AMD, MediaTek, TI, IBM, Samsung and CEA-Leti all made leaps in circuit design, which they discussed during the processor track at ISSCC.
SAN FRANCISCO — This year’s processor session at the ISSCC led off with two presentations by AMD (for the first time) followed by presentations from Samsung and MediaTek talking about their latest 5G smart phone chips, a research project/proof of concept design from CEA technology, an automotive system on chip (SoC) from Texas Instruments (TI), and the latest IBM Z series mainframe processor.
And because this conference is primarily a circuit design conference, each vendor focused on one or more specific aspects of circuit design that was unique in their processors.
The International Solid-State Circuit Conference (ISSCC) is one of the longest-running technical conferences in the semiconductor industry; it takes place every February here. The conference has a mix of academic and industry participants to discuss the latest challenges in chip circuit designs.
This year’s conference covered a deep vein of topics that included phase lock loops, low power circuits, memory, SerDes, DSP, and processor design. In particular, the processor section has the leading vendors appearing, but there are also projects from research institutes and academia. The sessions are jam-packed with dense chip design details. This is a highlight of the more interesting details from the processor session.
AMD Zen 2 and EPYC chiplets
Two AMD sessions dovetailed with each other with a discussion of the design of the Zen 2 CPU core used in the newest EPYC server processor, and a discussion of the EPYC chiplet architecture that allowed AMD to deliver 64-CPU cores in one socket without a massive die. The chiplet design also allowed AMD to apply three die designs to a plethora of products and markets.
The AMD Zen 2 presentation described the challenges of making the first x86 processor using TSMC’s 7 nm process. The design goals for the EPYC server processor was to double the number of CPU cores within the same socket, without exceeding the socket power envelope. In addition, each CPU core was designed to give a 15% instructions-per-cycle performance uplift on the SPECint 2006 benchmark. Many of the architectural changes in Zen 2 have been discussed before. In the ISSCC talk, AMD focused on the circuit design challenges.

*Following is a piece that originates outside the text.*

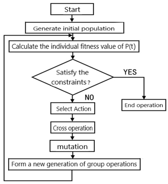 This study mainly considers two aspects for optimizing the flow distribution within the pump station. First, under the premise of ensuring the operation task of the pump station, the fixed total water intake of the pump station is reasonably distributed among the operating units. By providing an objective function and corresponding constraints, a mathematical model is established to scientifically and reasonably allocate the water flow, and the optimal combination of flow distribution under different water intake quantities is obtained. The energy consumption or input power within the pump station can then be minimized. The second aspect is the optimization combination between units within the station. Under the premise of scientific flow allocation, with the determined optimal pump station combination plan, different unit combinations are used to optimize the advantages of each operating unit while minimizing energy consumption for the whole system, thereby maximizing the pump station benefits. Thus, this study selects a genetic-algorithm-based optimization method for unit flow distribution in pump stations. The basic process is shown in Figure 3.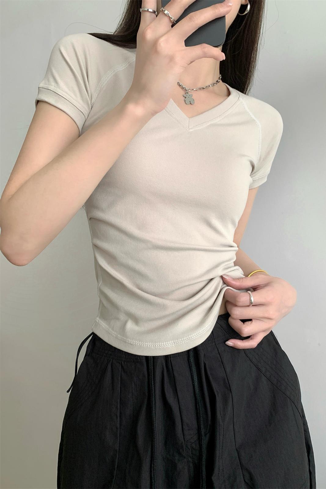 실제 사진 여름 라운드 목 기질 뼈 손톱 버튼 슬림 한 순수면 다목적 짧은 슬리브 티셔츠 여성을위한

The AMD design is very modular. The basic element is the CPU Complex (CCX) with 4 CPU cores, L2 and L3 caches, and an Infinity Fabric system interconnect. With a 4-core module, AMD could scale the design from notebooks (4-8 cores) up to servers (with up to 64 cores). The CCX module was shrunk from 44 mm2 in the prior generation to 31.3 mm2 in Zen 2, despite adding more L3 cache.
The 7 nm process design required adding more metal levels. As a result, there were changes to the metal layer routing rules, and the design migrated from 10.5 tracks to 6 tracks. The lower track number offered challenges (less height and less drive strength) but had the benefit of lower leakage, reduced capacitance-per-cycle by 9% and produces a smaller die area.
AMD used a variety of design techniques such as clock shaping and had five different flip-flop designs, which were important for critical timing loops. The designers also moved more of the power budget to combinatorial logic by 3%, to get more performance. With these and other circuit optimizations, AMD could increase clock speed up to 4.7 GHz and lower the operating voltage when run at clock speed comparable to the original Zen core.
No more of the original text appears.